Ballard’s Trading Post is a two-story, wood-frame building that hunches in a rocky vista at the end of our path on Death’s Clutches island.
The door to Ballard’s hangs off its hinges. A section of one wall is exposed with a deep, jagged hole and splintered wood. Elsewhere, the rafters lean at crazy angles, and the front porch, lifted into the air and broken, rests on the store’s roof.
Ballard’s tables and balconies, now either scorched or wrecked, suggest it once functioned as a store, inn, and tavern before whatever war happened here.
Now the place is littered with blood, bodies, and bullets.

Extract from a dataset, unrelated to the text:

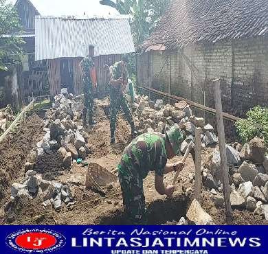 NGAWI lintasjatimnews – Untuk meningkatkan hubungan dengan warga binaan, Babinsa Koramil Kwadungan Kodim 0805/Ngawi Koptu Agus Puji bersama dengan dua anggota membantu warga dalam membangun rumah milik bapak Warsono bertempat di Desa Banget Kecamatan Kwadungan, Minggu (20/11/2022).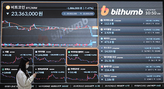 글로벌 가상화폐 거래소 FTX의 유동성 위기 여파로 10일 국내 가상화폐 시장에서도 급락세가 지속된 가운데10일 서울 서초구 빗썸 고객센터 전광판에 가상화폐 가격이 표시돼 있다.F…

A dark-skinned woman dances and chants surrounded by all this wreckage, as if she were a conductor and the carnage was her orchestra. An elaborate skull mask covers her face entirely in odd contrast to her otherwise mostly nude body. From the back of the mask hang tangles of reeds and feathers that swing like floggers each time she arches her neck to punctuate a verse in her dark ritual.
She is a Voodoo Priestess, and level 4.
Her right hand drips with fresh blood that she draws from a bucket at her feet. Her left clutches a wicker talisman close to her chest, a chest not covered by any garment other than an oversized necklace made of hundreds of tiny bones. Otherwise, only strips of animal hide hang from cords around her waist like a loincloth.
“More come to reap what they have sown,” she squeals in the common tongue, her bloodshot eyes targeting wildly in our direction. “Feast upon your own kind and the fate you’ve brought upon yourselves.”
Three bodies twitch to life in front of her. Their movement is not unlike that of the skeletons we’ve fought earlier, but these corpses are still mostly skin and bone. By their garb, they might have been pirates like us, or maybe even proper sailors of an outfit of better reputation.
“Murderers. All of you.”
Their bodies bear the marks of axes, arrows, and magic from their first death. According to my mind’s eye, each is a level 2 Reanimated.
“Liars.”
“Will you shut up?” The blast of a gunshot erupts over my shoulder.
Fenna advances strafing sideways, rifle in hand, as her slug clips the witch in the shoulder.
“But aren’t you so, very, tired?” says the witch, shrugging off the blow as she raises her talisman toward Fenna. A green stream materializes in the air around Fenna’s face. She staggers but does not go down before the steam dissipates. Still, it’s enough to cause her next shot to miss.
As for me, I go to town with my pistol, firing as fast as I can into the approaching reanimated sailors, starting with the one on the left. I feel that anger from before still within me, and I let it out with my trigger finger, emptying four quick shots and dropping the first of the reanimated without much trouble.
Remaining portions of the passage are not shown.